Теорию Кларка о случайных допущенных писцами пропусках обильно критиковали многие известные текстологи, такие как Сэнди (Sanday), Сутер (Souter) и Кеньон [383], который, в частности, указывал, на несколько обстоятельств. Во-первых, вариативность в длине строк разных рукописей делает метод подсчета букв надежным лишь в очень коротких отрывках; во-вторых, тезис о случайных пропусках не принимает во внимание, что такие пропуски обычно приводили бы к нарушению смысла текста; в-третьих, большинство текстуальных вариантов подразумевает не пропуски, а различные формулировки одной и той же мысли; и наконец, очень узкие столбцы текста, которые являются необходимым условием для теории Кларка, крайне редко встречаются в ранних папирусах (этот аргумент приобретает все больший вес по мере того, как в оборот вводится все больше и больше папирусов с относительно широкими столбцами столбцах). Более того, условия передачи евангельских повествований во многом отличались от того, как и кем переписывались цицероновы речи против Верреса. Церковь сохранила много преданий о делах и высказываниях Христа, которые не получили отражения в Евангелиях (ср. Ин 21:25). Не стоит удивляться, что подобные тексты проникали в Евангелия двумя путями - либо в том случае, когда переписчик вносил в основной текст пометы на полях более старых рукописей, либо из устного церковного предания.
В изданной позднее книге о западном типе текста Деяний Кларк вновь вернулся к этому спору [384]. На сей раз он практически отказался от теории случайных пропусков и возродил в науке гипотезу выдвинутую еще в XVII в. Жаном Леклерком (Leclerc), о том, что сам Лука был автором двух вариантов Деяний Апостолов. Эта гипотеза поднимает проблему на уровень соотношения двух авторских редакций, выводя ее из области простой передачи текста, и проверка данного предположения базируется на ином основании, нежели принципы текстологической науки. Единственное, о чем здесь следует сказать: для текстолога-новозаветника будет весьма поучительно сравнить тенденции в развитии текстологии «Илиады» и «Махабхараты», двух великих национальных эпосов древности, чья текстуальная передача позволяет провести определенные параллели с передачей Евангелий. Текстологи, изучающие оба литературных корпуса, имевших почти религиозное значение, убеждены, что обе поэмы являются непрерывно растущими текстами, и ни один из писцов не стал бы сознательно вычеркивать сколько-нибудь значимую часть текста [385].

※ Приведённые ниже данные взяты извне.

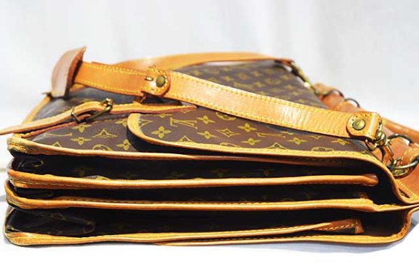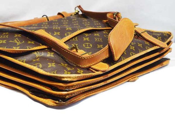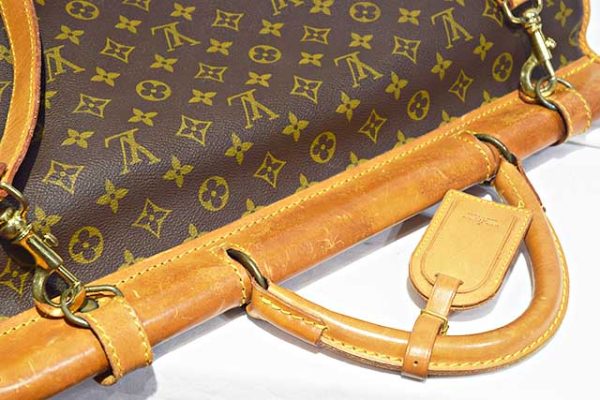 ●モノグラム×ヌメ革×ゴールド金具!●素材はPVC×ヌメ革!●製造番号862 ●ランクはAB(ヴィンテージ)●ヌメ革も雰囲気良く飴色になっています。金具も雰囲気良いです!●付属品:ネームタグ、ショルダー!●両面どちらからもベルトで開封でき荷物もたっぷり収納できます!●ショルダーは取り外し可能なので、2WAYでご使用いただけます!●嫌な臭いもしません

Относительно недавно тезис brevior lectio potior был вновь оспорен, по крайней мере, в том, что касается древнейших рукописей Нового Завета. Тщательно исследовав папирусы, Джеймс Ройс пришел к выводу о том, что на самом раннем этапе передачи текста действовала иная тенденция поведения писцов, иными словами, переписчики дошедших до нас папирусов с большей вероятностью выбрасывали часть текста, нежели дополняли его [386].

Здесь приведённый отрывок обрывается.